Hiro Sushi

On June 30, 2004, in Food and Drink, by psu

We were in Toronto for the weekend a couple of weeks ago. For those who don’t know, Toronto is a great food town only 4 or 5 hours drive from Pittsburgh. In particular, we have found Chinese and Japanese food in Toronto that is as good or better than anything I’ve had in North America. One of these most excellent establishments is Hiro Sushi. I have never personally had better sushi than at Hiro Sushi.

To give you an idea what Hiro is like, I’ll run down the events of our last dinner there. The place is a relatively compact space on King St. East in downtown Toronto. There are maybe a dozen tables and another eight or ten seats at the bar. Hiro-san and one or two assistants handle all the sushi for the place, and Hiro also runs out to the kitchen for the odd dish. We sit down at the bar and tell Hiro-san to just give us whatever is good.
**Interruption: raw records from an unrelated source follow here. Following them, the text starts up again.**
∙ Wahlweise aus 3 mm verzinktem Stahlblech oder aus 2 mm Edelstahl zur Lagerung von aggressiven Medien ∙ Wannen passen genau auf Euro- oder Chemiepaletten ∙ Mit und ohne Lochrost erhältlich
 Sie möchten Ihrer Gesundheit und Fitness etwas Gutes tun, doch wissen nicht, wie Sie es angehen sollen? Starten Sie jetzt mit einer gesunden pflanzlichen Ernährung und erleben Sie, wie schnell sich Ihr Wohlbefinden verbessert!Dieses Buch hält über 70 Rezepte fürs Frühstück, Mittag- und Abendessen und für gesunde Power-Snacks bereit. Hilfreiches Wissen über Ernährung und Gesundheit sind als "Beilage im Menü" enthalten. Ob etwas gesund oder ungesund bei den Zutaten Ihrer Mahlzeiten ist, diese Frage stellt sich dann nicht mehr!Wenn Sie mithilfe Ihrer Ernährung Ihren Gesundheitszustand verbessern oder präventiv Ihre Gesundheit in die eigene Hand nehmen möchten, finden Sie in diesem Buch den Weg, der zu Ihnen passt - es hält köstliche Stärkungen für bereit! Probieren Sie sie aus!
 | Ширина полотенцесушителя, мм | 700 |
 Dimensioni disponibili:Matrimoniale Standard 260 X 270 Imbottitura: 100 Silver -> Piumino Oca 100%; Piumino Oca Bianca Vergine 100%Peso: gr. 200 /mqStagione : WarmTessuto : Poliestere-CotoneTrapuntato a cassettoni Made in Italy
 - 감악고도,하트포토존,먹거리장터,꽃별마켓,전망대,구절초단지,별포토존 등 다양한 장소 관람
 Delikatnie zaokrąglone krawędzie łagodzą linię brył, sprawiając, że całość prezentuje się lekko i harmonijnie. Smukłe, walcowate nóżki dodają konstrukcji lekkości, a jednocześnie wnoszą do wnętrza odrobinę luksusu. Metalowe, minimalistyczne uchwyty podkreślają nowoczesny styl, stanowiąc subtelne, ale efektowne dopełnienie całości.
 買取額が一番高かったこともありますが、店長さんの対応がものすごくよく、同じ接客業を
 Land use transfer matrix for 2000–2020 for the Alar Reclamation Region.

We will get an assortment of sushi, sashimi, hand rolls, and other rolls over the course of the night.

Soon after we sit down, Hiro pulls a small whole fish out of the cooler where he stores the fish at the bar. He cuts the fish 2 or 3 times with his enormous knife and quickly pulls two fillets off of the skeleton. This takes about ten seconds. He then makes two small cuts and pulls the skin off the fillets with two pulls. The skeleton is still in one piece. He bends it up and puts it in a large bowl with a skewer stuck through it to keep it vertical. Then the fillets are chopped into a small dice and mixed with fresh ginger, scallion and oil. This mixture is added to the bowl along with a soy sauce based dressing and slices of many other kinds of fish. Presto. Sashimi salad.

What gives you an indication that you are in a different kind of spot is the speed and fludiity with which Hiro-san slices the fish and makes the sushi pieces. Sushi is always the perfect size, with the perfect amount of rice formed into a perfect elongated ball. The rice is never pasty. The soy sauce is never stale. And, the sushi always has little touches on it (extra ginger here, a tiny bit of scallion there) that bring out the taste of the fish without hiding it under in a wad of wasabi or a river of soy. It’s simply perfect.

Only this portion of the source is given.